══ Exercise materials ══

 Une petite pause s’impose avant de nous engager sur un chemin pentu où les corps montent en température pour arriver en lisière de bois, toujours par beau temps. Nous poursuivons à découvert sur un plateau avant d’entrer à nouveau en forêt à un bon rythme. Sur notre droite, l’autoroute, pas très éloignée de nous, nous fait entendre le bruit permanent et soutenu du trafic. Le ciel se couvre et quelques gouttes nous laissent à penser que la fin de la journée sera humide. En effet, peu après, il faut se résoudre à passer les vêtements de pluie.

═══
══ Exercise materials ══

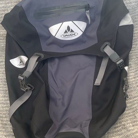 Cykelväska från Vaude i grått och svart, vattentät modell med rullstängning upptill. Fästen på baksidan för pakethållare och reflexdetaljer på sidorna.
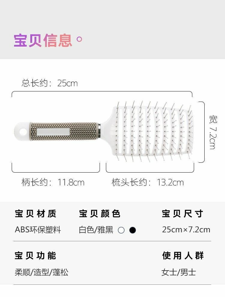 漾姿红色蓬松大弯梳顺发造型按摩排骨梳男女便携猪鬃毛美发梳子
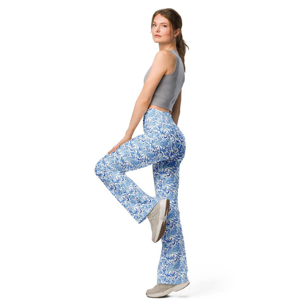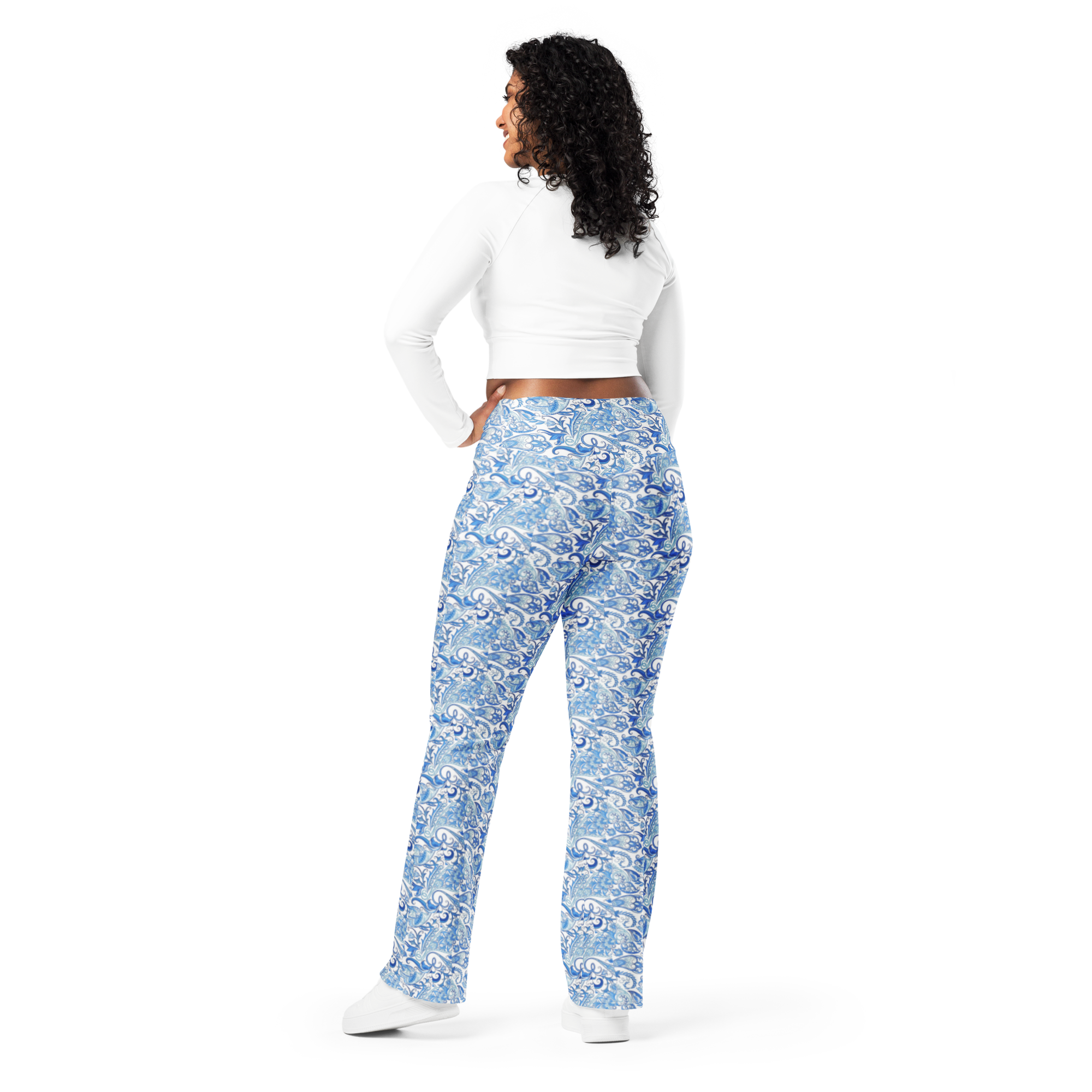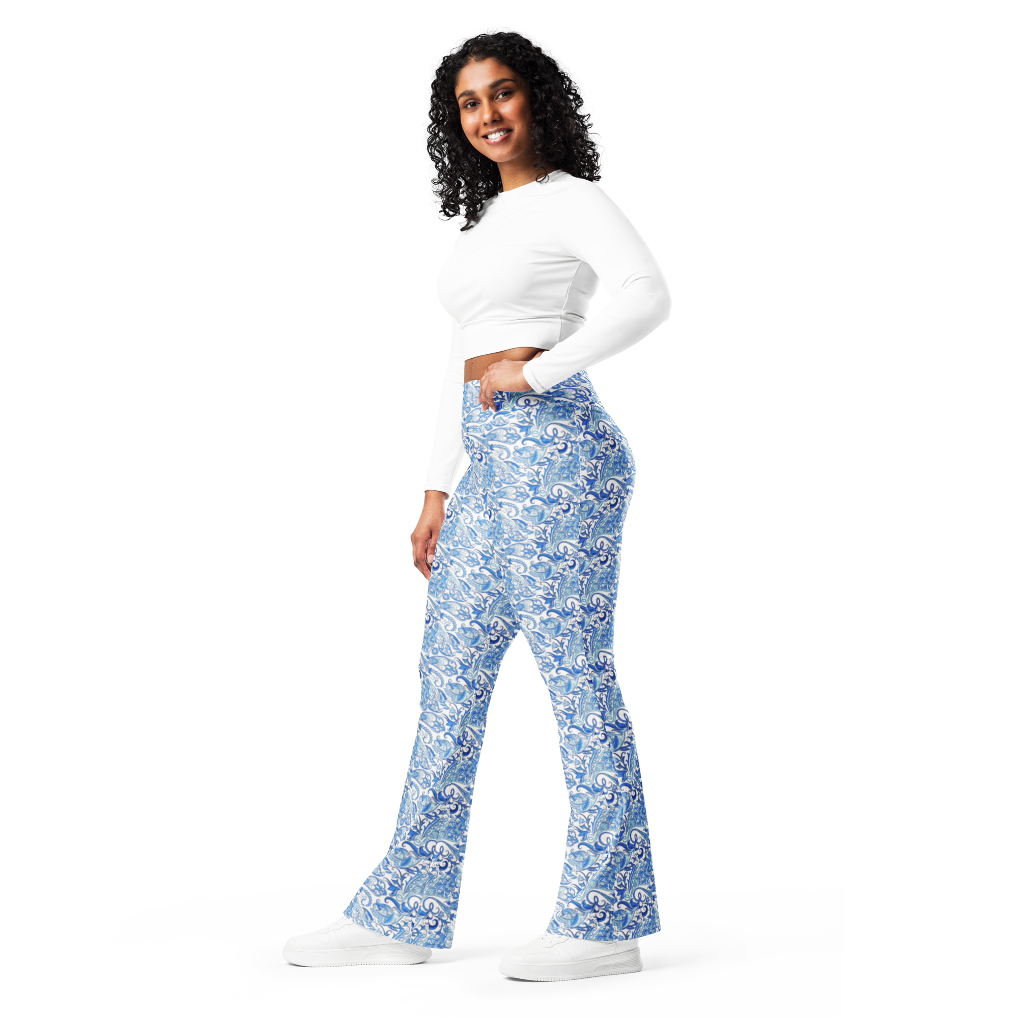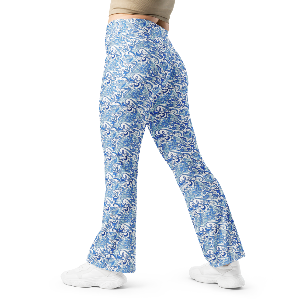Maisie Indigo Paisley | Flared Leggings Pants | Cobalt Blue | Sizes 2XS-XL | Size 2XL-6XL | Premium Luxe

═══

**What to produce**
Pictures aside, print exactly the lines above starting with the one containing "Cykelväska från Vaude" and going on through the one containing "Maisie Indigo Paisley".

**The completed task**
 Cykelväska från Vaude i grått och svart, vattentät modell med rullstängning upptill. Fästen på baksidan för pakethållare och reflexdetaljer på sidorna.
 漾姿红色蓬松大弯梳顺发造型按摩排骨梳男女便携猪鬃毛美发梳子
Maisie Indigo Paisley | Flared Leggings Pants | Cobalt Blue | Sizes 2XS-XL | Size 2XL-6XL | Premium Luxe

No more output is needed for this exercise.